Many people commenting on Ms. Callis’ interpreting seemed unaware how integral facial expression is to ASL. Just as those of us who hear take cues from tone of voice and inflection, those who are Deaf (and there’s a big distinction between Deaf with a capital ‘D” and “deaf”) take cues from facial expression. Facial expressions are a grammatical aspect of the language and can relay more information than the signs themselves. Many hearing people appeared to mistake her animated signing as being theatrical or over the top, when in reality she’s simply conveying the emotional tone of what’s being discussed.

Now imagine doing a four-year degree in computer science where every class, CS or not, is translated by an ASL interpreter - someone is explaining file system directory structures, and hash tables, and MIMD vs SIMD multiprocessing, or physics, or discrete math with English words, while another person is signing them. That's what RIT students, of all degrees, get. Or did... this was a long time ago...

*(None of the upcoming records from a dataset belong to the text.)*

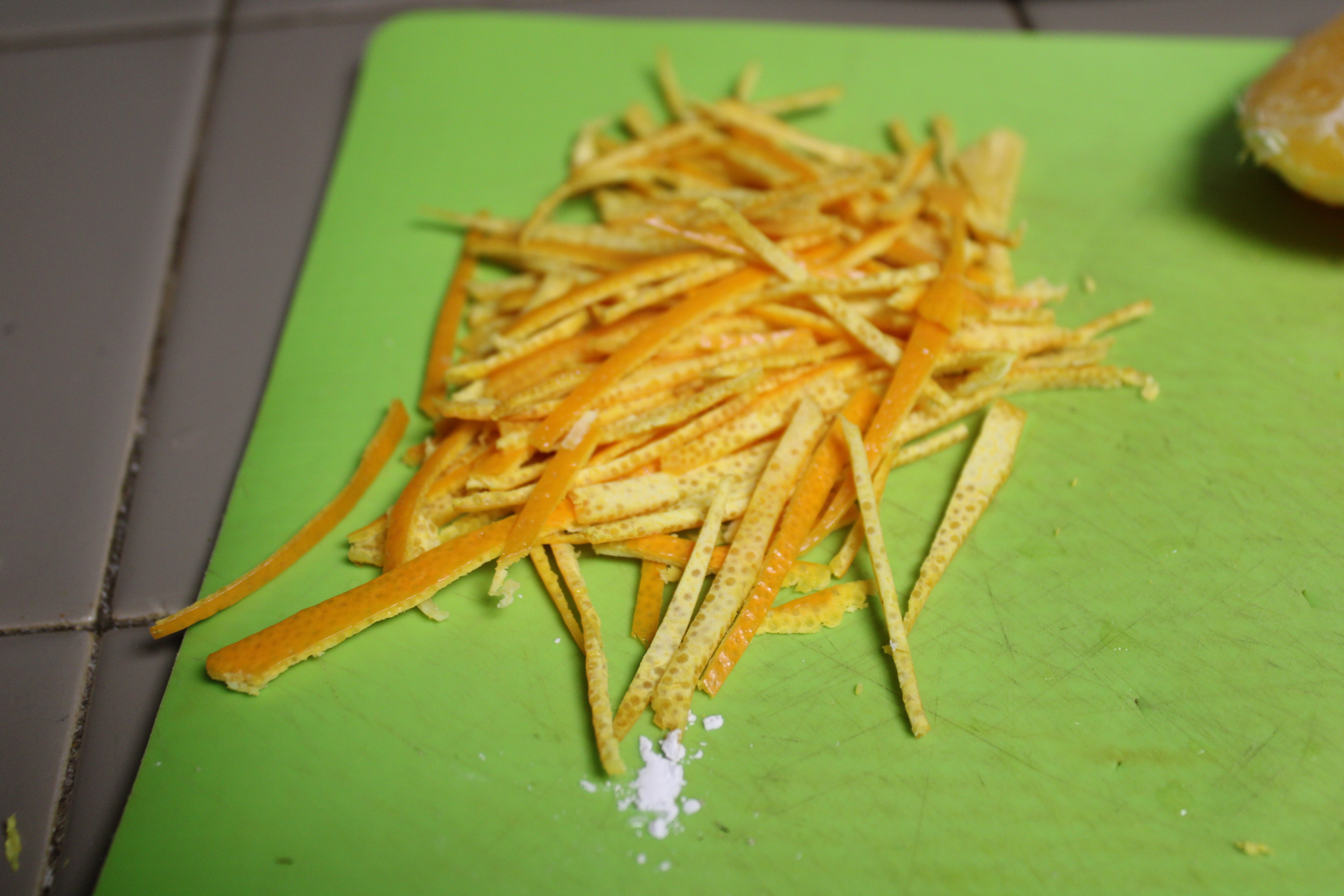 Peel the orange. Trim away as much of the white pith as possible from the peel and discard. Thinly slice remaining orange zest. Set aside.
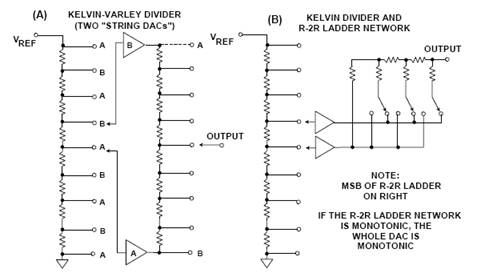 圖3:分段電流輸出DAC: (A)電阻方案;(B)電流源方案
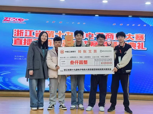 本次决赛聚焦商品档案表提炼、直播脚本策划、直播销售技能三大核心模块。面对全新赛事平台,四位同学自3月19日起开启魔鬼训练,每日晚自习全员投入,从研究平台规则到反复打磨脚本,从商品卖点挖掘到直播话术设计,团队默契度与专业能力迅速提升。决赛当日,他们凭借精准的市场分析、创意十足的营销策划及富有感染力的直播表现,在三个模块均斩获接近满分的佳绩。
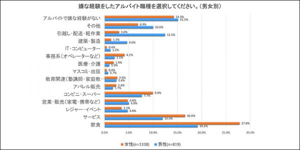 図表参照:【図11】嫌な経験をしたアルバイト職種を選択してください。(男女別)
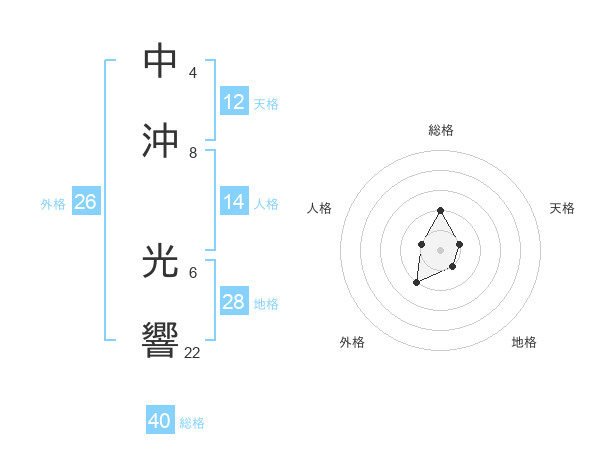 中沖 光響さんを姓名の画数から五運を鑑定
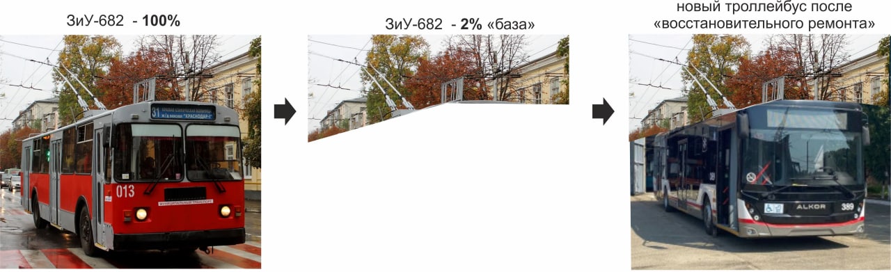 "Так, в первом троллейбусе, который прошел капитально-восстановительный ремонт в 2021 г., всего 2% использованных ранее комплектующих — это штанга (токоприемник)." источник

It was kindof wild, for someone like me, who had never been exposed to deaf culture before. I could pass time in class, when I wasn't passed out asleep, trying to figure out how ASL works. That heightened emotional vibe is eye-popping at first, but you figure out what it's doing eventually. I never really got ASL as a language, but the isolated signs usually made perfect sense in context - the signs seemed like obvious matches to the words and phrases that the lecturer was speaking. All I remember these days are the novelty signs : bullshit, tea, tree, fish. pussy) I should have learned it all.

Mrs. lived in the deaf dorms, so was far more exposed to the culture. She knows a lot more ASL than I do.